Although the tea plantation industry in the country has been raising serious concerns about the import of tea despite India being a net exporter, the outgo on tea imports in calendar 2021 was less than the previous year, reveals our analysis of the latest data available with the Tea Board.

Volume-wise, India imported 25.90 million kg (mkg) in 2021 against 23.79 mkg in 2020, marking an increase of 8.87 per cent.

However, India paid, on an average, ₹145.19 a kg to import this tea against ₹172.06 in 2020.  This payment of ₹26.87 less per kg marked a decline in price of 15.66 per cent.

As only 2.11 mkg more volume was imported at a substantially lower price, the outgo on India’s tea import bill dropped to ₹376.03 crore from ₹409.34 crore in the previous year. This meant a saving of ₹33.31 crore or 8.14 per cent in the import bill.

This essentially happened because of a fall in price in the global market in dollar terms.  The price dropped to $1.96 a kg from $3.32 a kg in 2020. Consequently, the imported tea’s value dropped to $50.87 million from $ 55.21 million.

Nevertheless, the import of 25.90 mkg in 2021 was the highest volume imported in recent many years.

“More importantly, what is the need for import when there is no shortage in the country.  Teas had come in from Kenya, Nepal and Vietnam besides some trading countries which don’t produce tea at all.  Importers contend that these teas are cheap and used for blending with the Indian teas and re-exported but in reality, most such teas get into the Indian market distorting our supply-demand equation and hitting prices adversely”, Tea Board former Member S Ramu told BusinessLine.   

WTO tariffs

The United Planters’ Association of Southern India (UPASI) has pointed out to the Government of India that different tariffs are made applicable for importing tea under WTO and various Free Trade Agreements (FTA).  While WTO imposes 100 per cent import duty on tea, it gets reduced to 45 per cent under ASEAN and 7.5 per cent under Indo-Sri Lanka bilateral agreement, subject to certain conditions, points out UPASI Secretary R Sanjith.

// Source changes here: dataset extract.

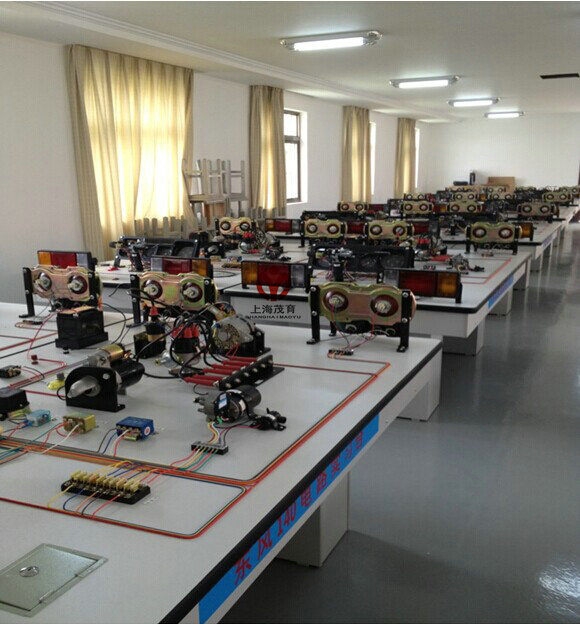 實驗台按照東風、解放汽車標準電器線路安裝而成。配有全車電線束,儀表盤,各種(zhǒng)開關、前後燈光分電路、點火(huǒ)線圈、傳感器、繼電器。均用(yòng)實車實物裝成。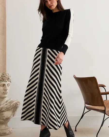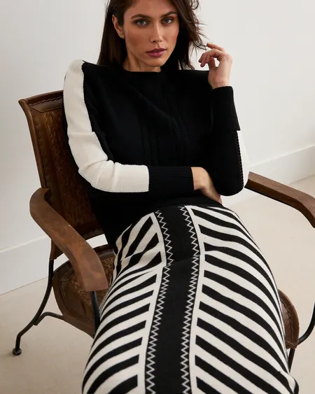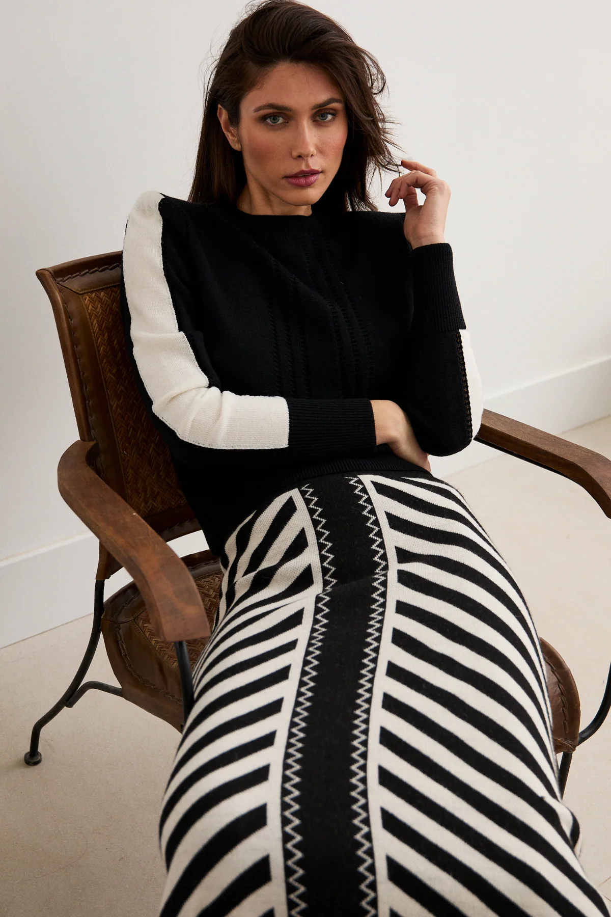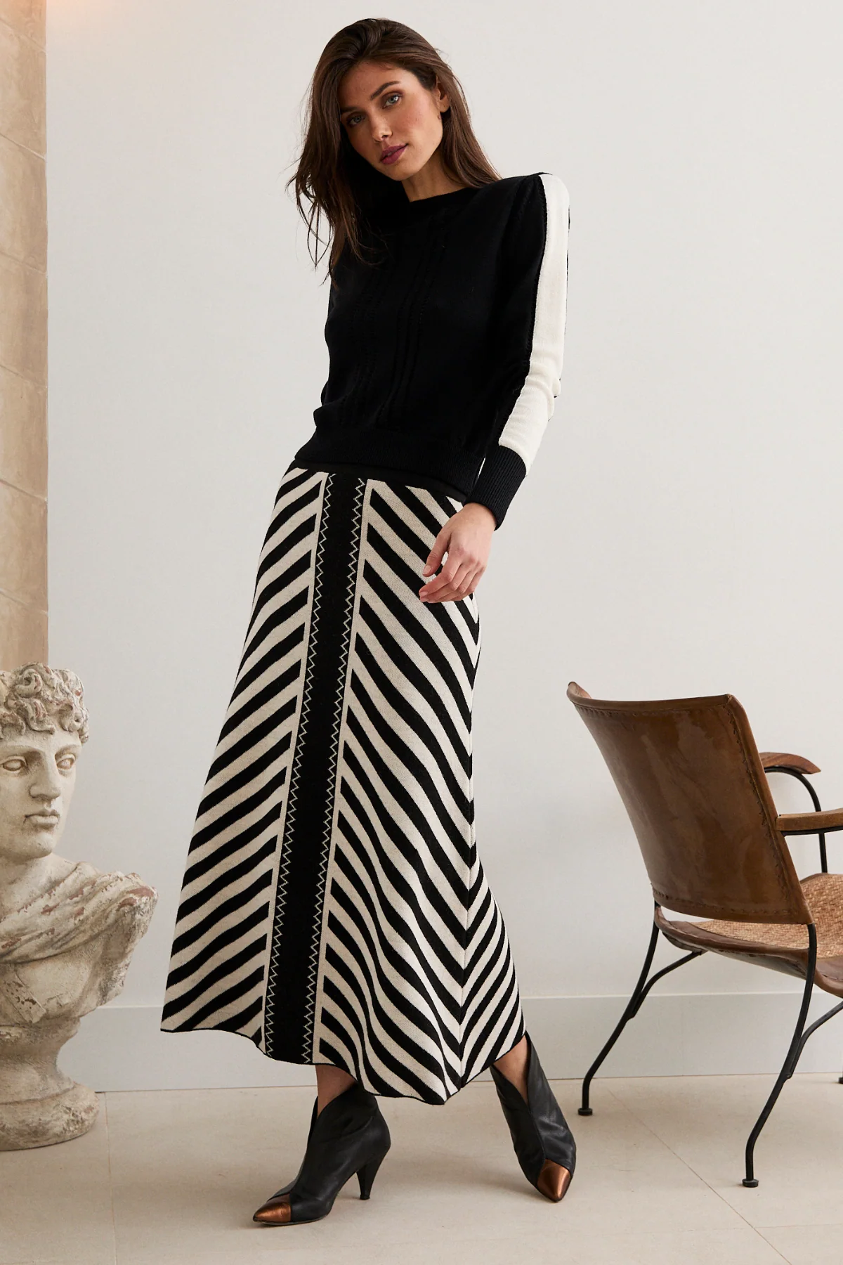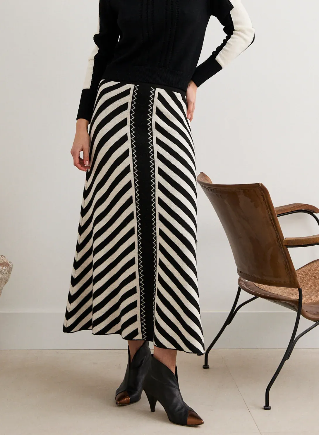 La falda Chami es una prenda de punto con un diseño gráfico impactante que mezcla estilo clásico y modernidad. Confeccionada en una base de color blanco crudo, está decorada con franjas diagonales negras que convergen en el centro, creando un efecto visual en forma de “V” que estiliza la figura.

“It is important that no fresh trade commitments impacting plantation sector should be entertained including renewal of existing trade agreements. There is need for proper monitoring mechanism and implementation of rules on country of origin so that no third country takes advantage of the FTA”, he said.

In any case, import cannot be totally banned in the post-WTO era which operates under the ‘Global Village’ concept where free movement of goods is to be encouraged.  Besides tariffs, the injured nations can move the safety valves inside WTO to protect their interests, a Tea Board official said.